O Filmelier entrevistou a cineasta Jasmila Žbanić, responsável pelo filme que retrata a história de um massacre que aconteceu na cidade de Srebrenica, na Bósnia e Herzegovina

22 de abril de 2021 10:54
- Atualizado em 11 de janeiro de 2022 17:36

Um dos indicados ao Oscar 2021 é ‘Quo Vadis, Aida?’, produção da Bósnia e Herzegovina que está concorrendo na categoria de Melhor Filme Internacional.

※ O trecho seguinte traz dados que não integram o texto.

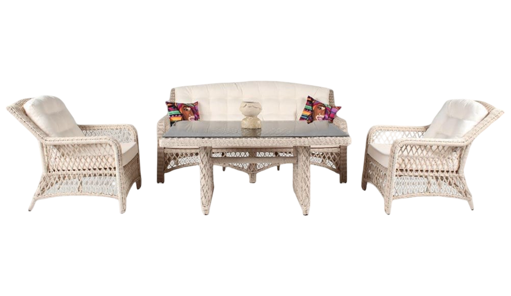 Güneş ve suya dayanıklı yüksek kalite sentetik Rattan ile örülmüştür. El yapımı örgülüdür. Kumaş su itici ve kolayca temizlenebilen minderler ürüne dahildir. 4 sezonlu dış mekan kullanıma uygundur.

Em uma premiação que traz histórias sobre os Panteras Negras, brutalidade policial, protagonismo feminino, abuso sexual e mais, temos também espaço para uma das mais brutais guerras já vistas na Europa – e que também é uma das menos faladas.

A Guerra da Bósnia aconteceu entre abril de 1992 até dezembro de 1995 – e ‘Quo Vadis, Aida?’ retrata um dos episódios mais marcantes do conflito europeu, o Massacre de Srebrenica.

Entre 11 e 25 de julho de 1995, cerca de 8.373 bósnios muçulmanos, de adolescentes a idosos, foram executados por soldados da República Sérvia (ou República Srpska). Tal república não deve ser confundida com o país Sérvia: tratava-se de um proto-estado bósnio formado por sérvios de religião ortodoxa.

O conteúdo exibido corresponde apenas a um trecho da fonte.